Cunning Jews were cunning.
What I didn’t do was think about how the novel fit in against its natural backdrop of Enlightenment virtues. By the time 1820 rolls around, the civilizing effects of doux commerce have tamed the savage English countryside, and the Glorious Revolution have long since made the British Parliament one of the most powerful organizations in Europe, if not on Earth. By 1820, Bentham had made his mark—prudence was ascendant, and though it’s hard to gauge from here, I’ve a suspicion that readers may have felt a twang of nostalgia for (relatively) ignored courage, or for self-satisfying myths of martial honor.
I think I read it wrong. I think the characters were meant to be allegorical. And the character of Isaac of York was meant to represent the ascendant bourgeois affection towards commerce.

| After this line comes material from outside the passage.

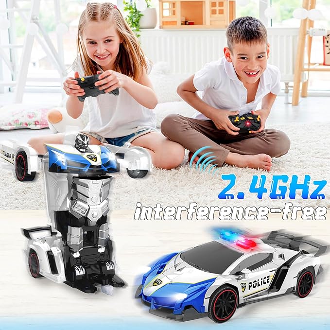 - One-Touch Transformation: Experience the thrill of transforming our RC police car into a robot with just one touch. Smooth transitions between modes add endless excitement

There are a couple of ways to go with this interpretation, depending on how generous you want to be towards Scott. The portrayal of Isaac isn’t entirely unsympathetic. He has his moments of courage and honor, just like the Saxon characters have their moments of disrepute and cowardice. But the question of what Scott intended is less interesting to me than what his contemporary audience might have interpreted. Is it plausible that a typical reader might have gotten through the tale and said “hey! I have Saxon blood, and these dudes are pretty cool” while at the same time thinking, “golly, that Isaac sure is a calculating mercenary, what with hiring help to get his daughter back instead of strapping on a sword and doing it himself—what a coward.”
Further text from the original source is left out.